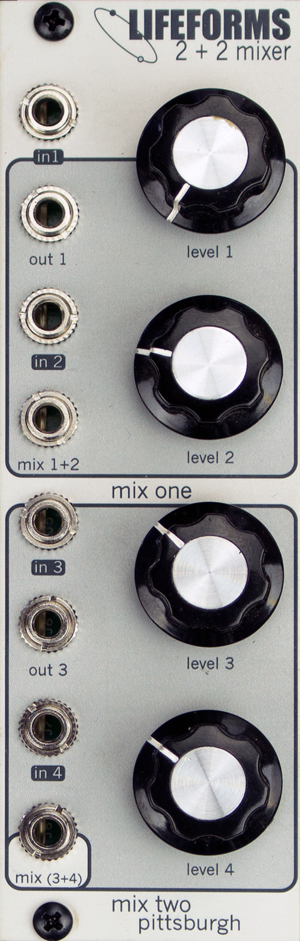 the lifeforms 2+2 mixer is a low noise, ambidextrous four channel mixer for both audio and cv signals. the signal path is extremely versatile allowing it to function in five different configurations.
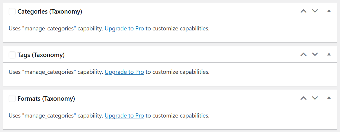 Es gibt jedoch bestimmte Funktionalitäten, die nur mit der Pro-Version verfügbar sind. Dazu gehören WordPress-Rollenänderungsberechtigungen in Bezug auf Kategorien, Tags (Taxonomien) und Formate.
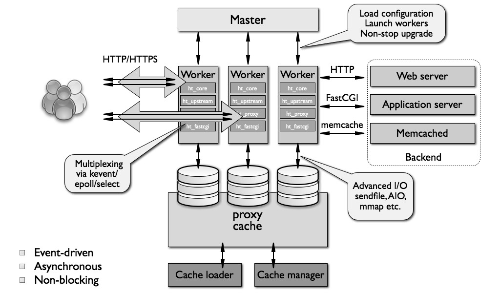 در واقع راز موفقیت در خود موتور آن است. Nginx به عنوان یک وب سرور مبتنی بر رویداد عمل میکند، به این معنی که رویدادها به worker گوش میدهند و تنها در صورت نیاز پاسخگو هستند. آرگومان ondemand در داخل nginx به سرویس اجازه میدهد تا شنوندگان را در صورت تقاضا ایجاد و حذف کند. این امر به کاهش استفاده از حافظه و افزایش کارایی کمک خواهد کرد. آپاچی ابتدا سعی کرد حالت رویداد را در mpm-event worker قرار دهد، اما در تطابق با سرعت nginx به شدت شکست خورد، زیرا آپاچی به عنوان یک وب سرور رویداد محور ساخته نشده بود.
==============================
Reproduce all the data as it stands. The pictures are not part of the copy.

> Task output
 the lifeforms 2+2 mixer is a low noise, ambidextrous four channel mixer for both audio and cv signals. the signal path is extremely versatile allowing it to function in five different configurations.
 Es gibt jedoch bestimmte Funktionalitäten, die nur mit der Pro-Version verfügbar sind. Dazu gehören WordPress-Rollenänderungsberechtigungen in Bezug auf Kategorien, Tags (Taxonomien) und Formate.
 در واقع راز موفقیت در خود موتور آن است. Nginx به عنوان یک وب سرور مبتنی بر رویداد عمل میکند، به این معنی که رویدادها به worker گوش میدهند و تنها در صورت نیاز پاسخگو هستند. آرگومان ondemand در داخل nginx به سرویس اجازه میدهد تا شنوندگان را در صورت تقاضا ایجاد و حذف کند. این امر به کاهش استفاده از حافظه و افزایش کارایی کمک خواهد کرد. آپاچی ابتدا سعی کرد حالت رویداد را در mpm-event worker قرار دهد، اما در تطابق با سرعت nginx به شدت شکست خورد، زیرا آپاچی به عنوان یک وب سرور رویداد محور ساخته نشده بود.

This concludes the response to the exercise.